Exercise:
Line by line, print the records exactly as they are, dropping the pictures.

========================================

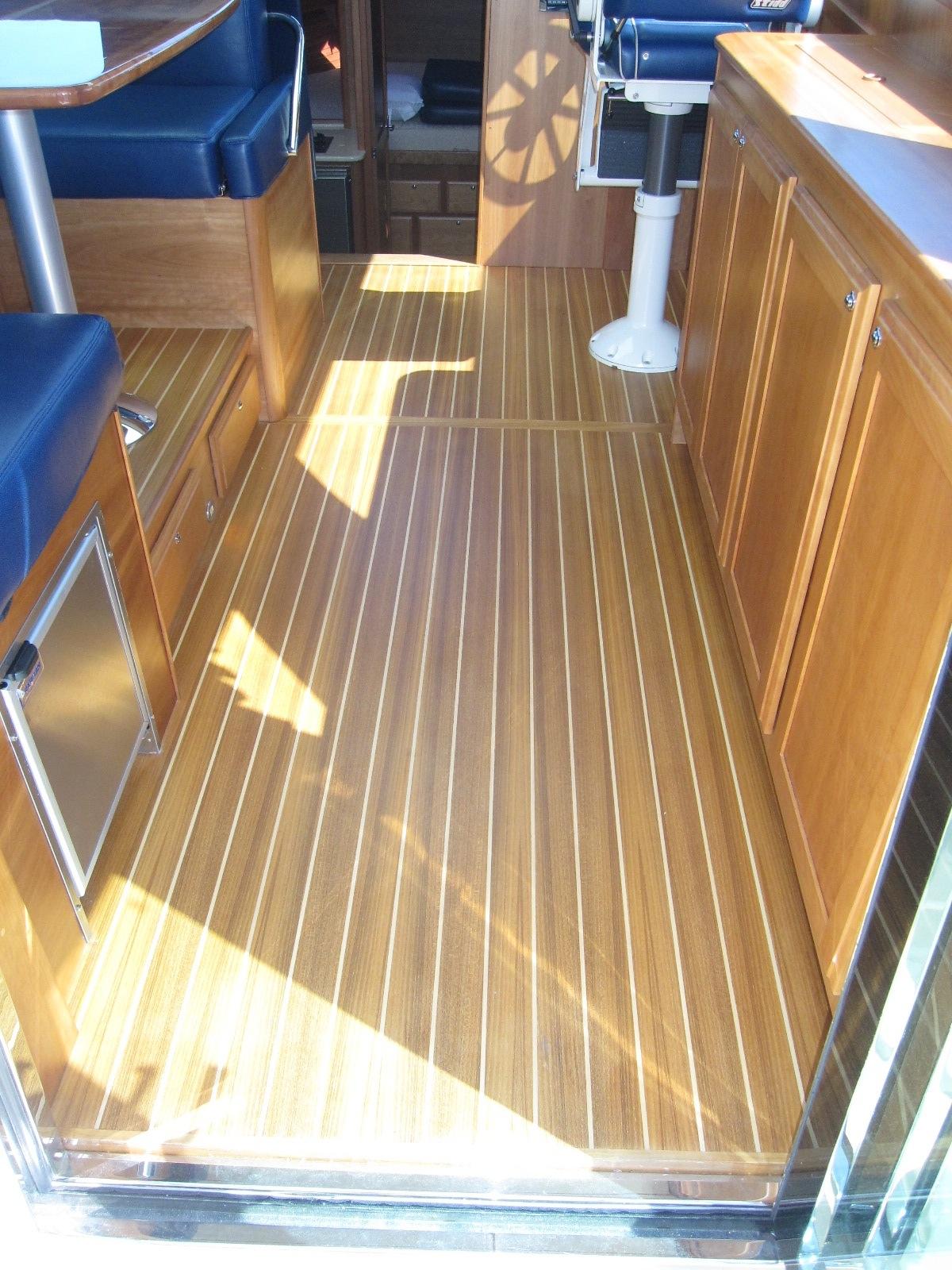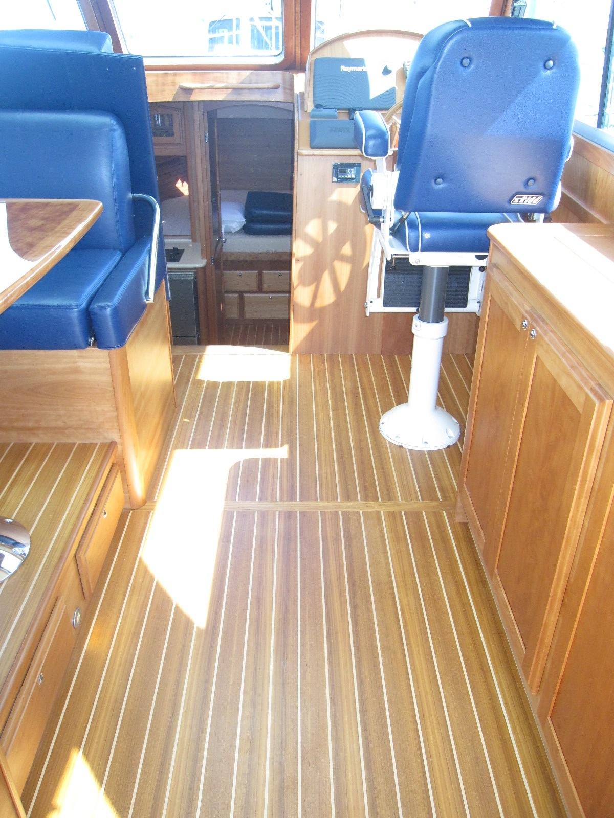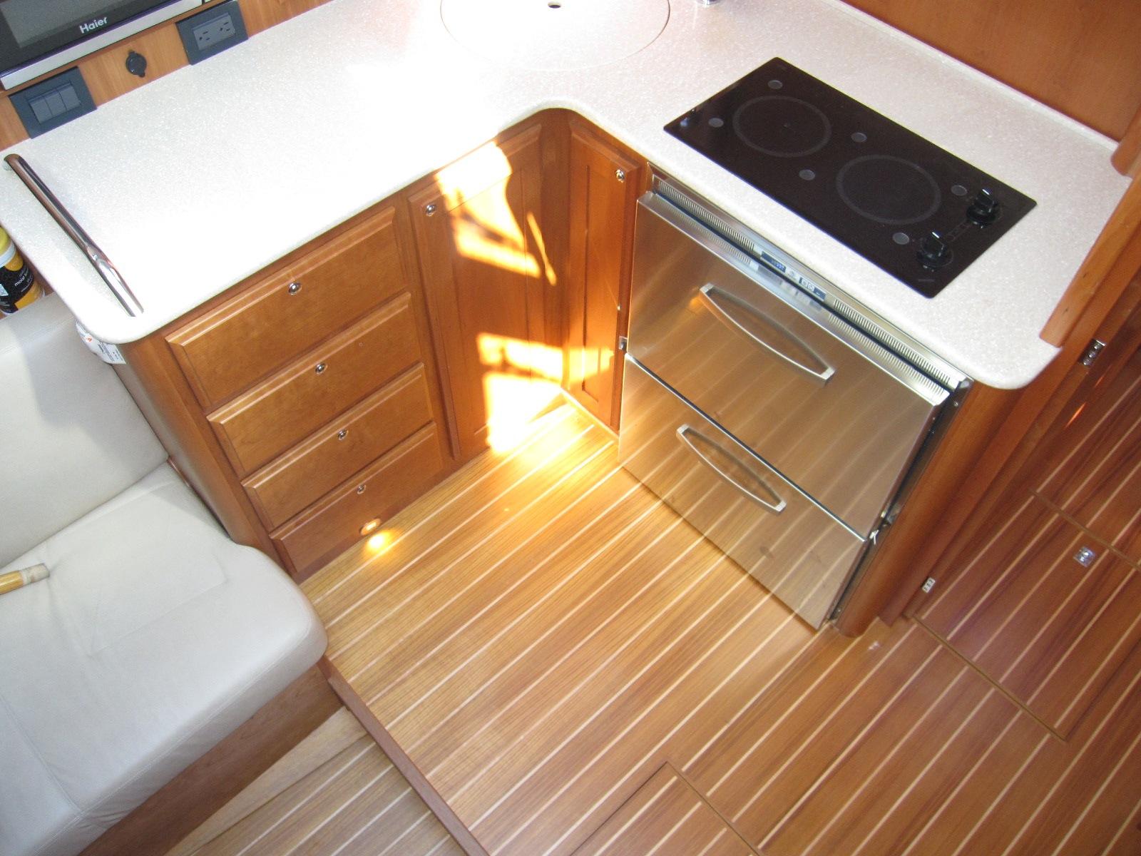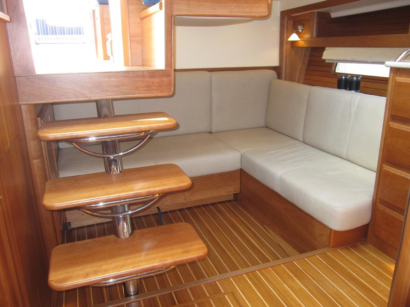 Mates L-shaped settee forward, open to galley with stainless steel hand rail.
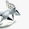 THE CAP CUFF, finished IN SILVER, IS A CLASSIC CUFF BRACELET, TAPERING IN WIDTH FROM THE FRONT TO THE BACK. THIS DOMED STYLE HAS BEEN INTRICATELY MADE BY HAND, HAMMERED TO FIT PERFECTLY OVER THE WRIST. SLIP ON TO WEAR, THE INTERIOR HAS BEEN COMPLETELY CAGED FOR COMFORT.
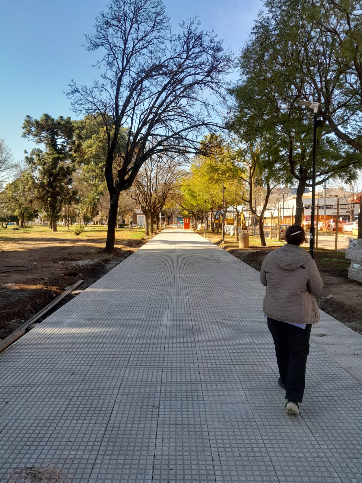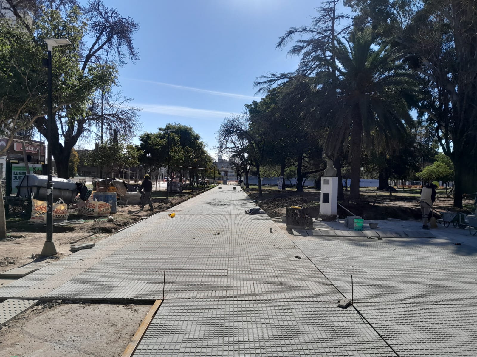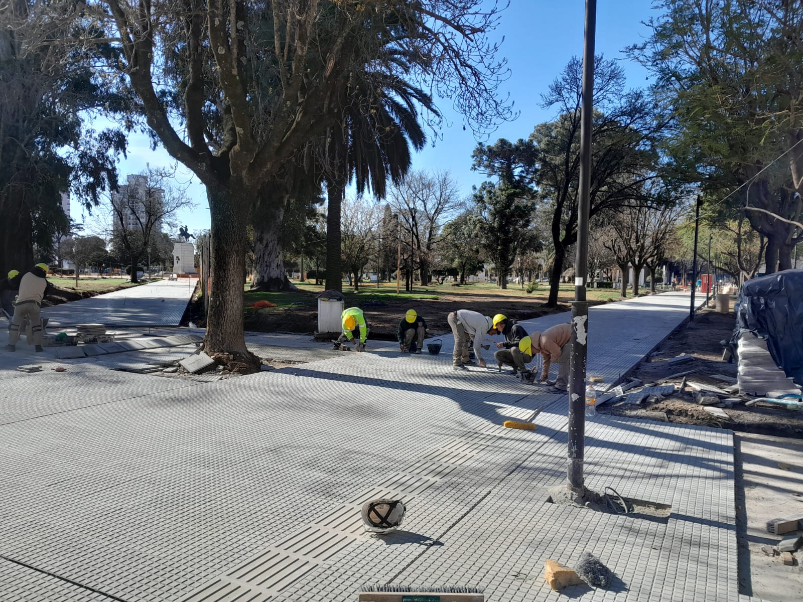 El proyecto contempla la transformación de las calles que rodean la plaza en áreas de circulación de baja velocidad, niveladas con el espacio central para ampliar su superficie y permitir un uso intensivo en eventos especiales. Esta intervención crea una franja de convivencia entre peatones y vehículos, mejorando la seguridad vial y la integración urbana. Se incorporarán dos nuevas áreas de juegos infantiles diferenciadas por edades. Las veredas serán renovadas con mosaico granítico y bandas podotáctiles, garantizando una accesibilidad plena. El reposicionamiento del mástil sobre el eje cívico este-oeste permitirá una mejor organización de los actos públicos. Con un sistema integral de iluminación que comprende tanto el área central como sectores estratégicos, con un nuevo tablero eléctrico y la recuperación del actual sector de guardado.
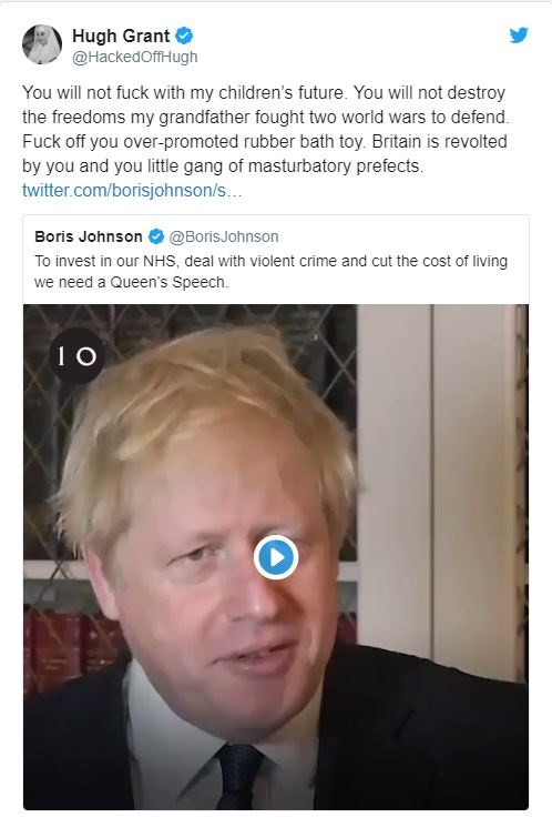 Ξέσπασε ο Βρετανός σταρ Χιου Γκραντ κατά του πρωθυπουργού της χώρας Μπόρις Τζόνσον μετά την απόφασή του να αναστείλει τη λειτουργία του Κοινοβουλίου.
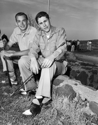 Paul Pegues of Cleburne High School relaxes after scoring hole in one in Recreation golf meet Saturday and next is an unidenified man.
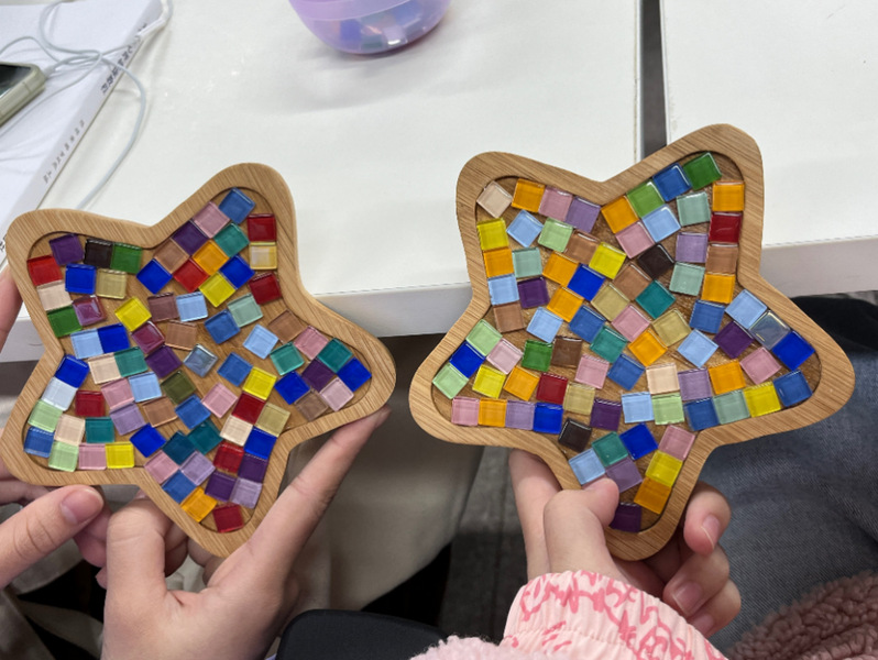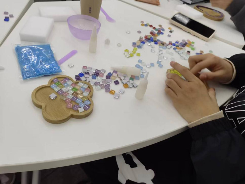 实践活动过程中,老师首先通过认识、感知、领悟3个环节深入浅出地向同学们讲解情绪变化与身心感受的关系,介绍了表达性艺术治疗的相关知识。随后通过手工制作马赛克杯垫这一“值得静思,需要耐心”的艺术工作,指导员工们充分发挥创造性和想象力,完成各自的马赛克杯垫作品。

========================================

Your response:
 Mates L-shaped settee forward, open to galley with stainless steel hand rail.
 THE CAP CUFF, finished IN SILVER, IS A CLASSIC CUFF BRACELET, TAPERING IN WIDTH FROM THE FRONT TO THE BACK. THIS DOMED STYLE HAS BEEN INTRICATELY MADE BY HAND, HAMMERED TO FIT PERFECTLY OVER THE WRIST. SLIP ON TO WEAR, THE INTERIOR HAS BEEN COMPLETELY CAGED FOR COMFORT.
 El proyecto contempla la transformación de las calles que rodean la plaza en áreas de circulación de baja velocidad, niveladas con el espacio central para ampliar su superficie y permitir un uso intensivo en eventos especiales. Esta intervención crea una franja de convivencia entre peatones y vehículos, mejorando la seguridad vial y la integración urbana. Se incorporarán dos nuevas áreas de juegos infantiles diferenciadas por edades. Las veredas serán renovadas con mosaico granítico y bandas podotáctiles, garantizando una accesibilidad plena. El reposicionamiento del mástil sobre el eje cívico este-oeste permitirá una mejor organización de los actos públicos. Con un sistema integral de iluminación que comprende tanto el área central como sectores estratégicos, con un nuevo tablero eléctrico y la recuperación del actual sector de guardado.
 Ξέσπασε ο Βρετανός σταρ Χιου Γκραντ κατά του πρωθυπουργού της χώρας Μπόρις Τζόνσον μετά την απόφασή του να αναστείλει τη λειτουργία του Κοινοβουλίου.
 Paul Pegues of Cleburne High School relaxes after scoring hole in one in Recreation golf meet Saturday and next is an unidenified man.
 实践活动过程中,老师首先通过认识、感知、领悟3个环节深入浅出地向同学们讲解情绪变化与身心感受的关系,介绍了表达性艺术治疗的相关知识。随后通过手工制作马赛克杯垫这一“值得静思,需要耐心”的艺术工作,指导员工们充分发挥创造性和想象力,完成各自的马赛克杯垫作品。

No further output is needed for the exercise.